How do you know if you’re doing enough?
Depends what your measure for “enough” is. If it’s “according to someone else”, probably not. If it feels good, and it supports the life you want in the medium-to-longer term, it’s enough.
There will always be noise from the external world telling you to do more of ‘ABC’ for ‘XYZ’ result. Everyone and everything around us is breathing in the air of ‘I can get better’, ‘I need more’, ‘I should do more [insert whatever], ‘There is something better’ ‘If I just [buy/do/achieve] [insert whatever] then…’ But, the joke is on us, with all our endless striving, because as the yogis teach, everything we’re searching for is all already available. We already are enough, just as we are.
I suppose that message doesn't sell very much.
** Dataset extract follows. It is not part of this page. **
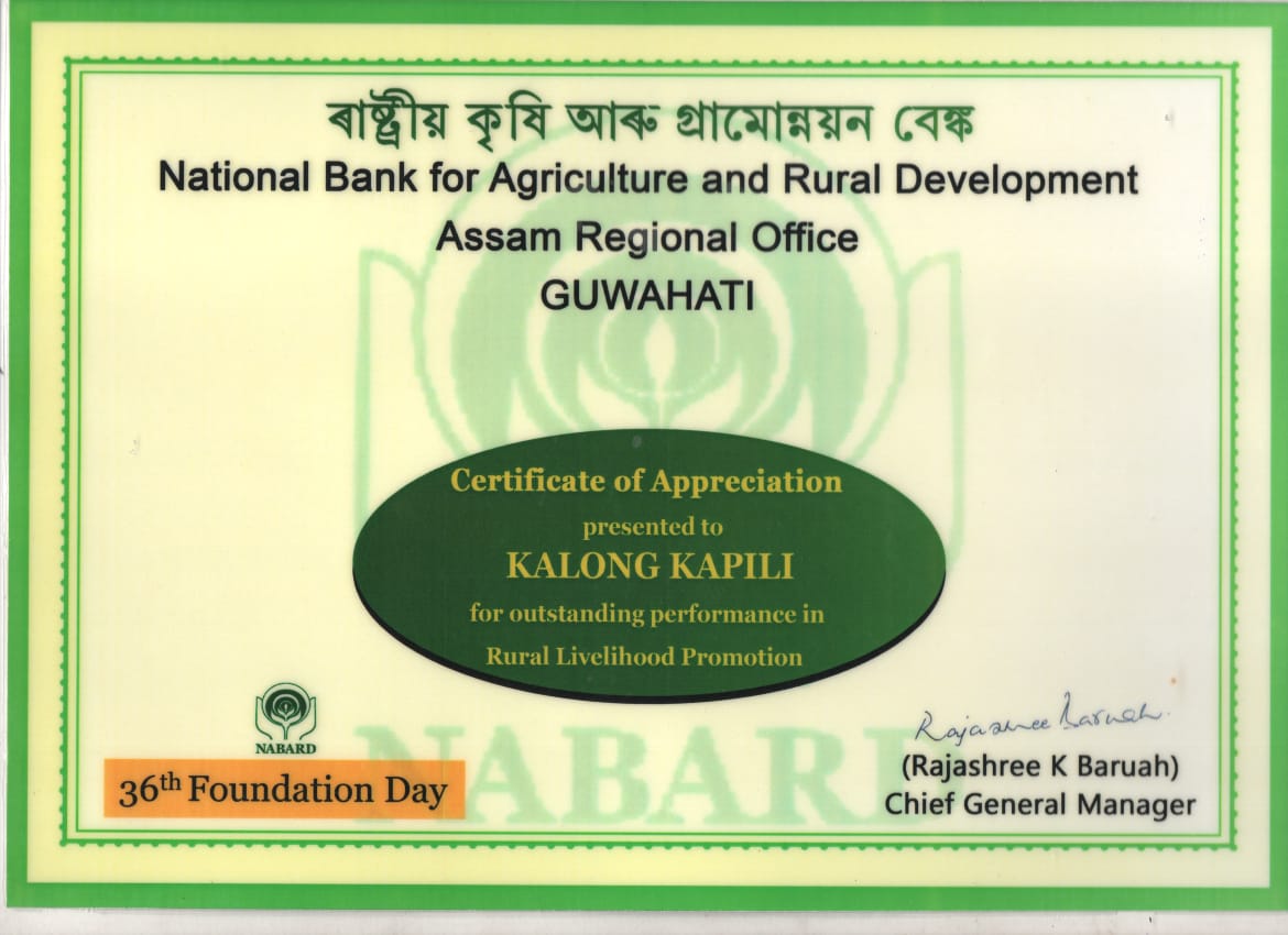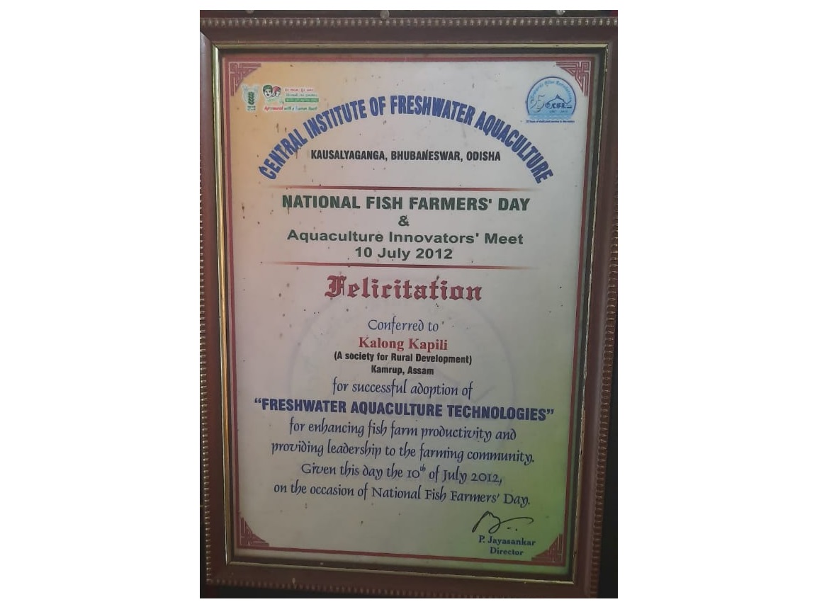 - Best NGO award received from Government of Assam; ICAR-CIFA; CAU, Imphal; NABARD and Department of Fisheries, Govt of Assam.

So often, even after doing so much work on my values, and what really matters to me, I still find myself drawn in by aesthetics and capitalism, with its big promises and gimmicks.
To some extent it is because there is an element of grief, at least initially, in accepting that you are already enough. That there is no where else you are going to 'get' to, no other version of yourself you are going to become, no matter how much you strive or what you try to prove. You don't get your best life by constantly trying to do more. Health, wellbeing and presence doesn't have a "look", a shape, a particular methodology, weight, shape, routine or 'hack'. It's about YOU. Getting to know, trust, accept, respect and perhaps one day love, YOU. So, letting go of those external benchmarks and their promises can be painful. That may lead some people to want to unsubscribe from what I'm saying. I get that.
With HF, I’m trying to opt out of a socially constructed BS version of “enough exercise”, and free you to consider what enough might be for you. If you want more - do more! But make sure it’s because you genuinely want more, not because you think 10-15 minutes a day can’t really be enough.
I’m here to give you permission to truly accept that it is.
Some movement is better than no movement. In fact, some movement is the perfect amount of movement, and is so sublimely enough.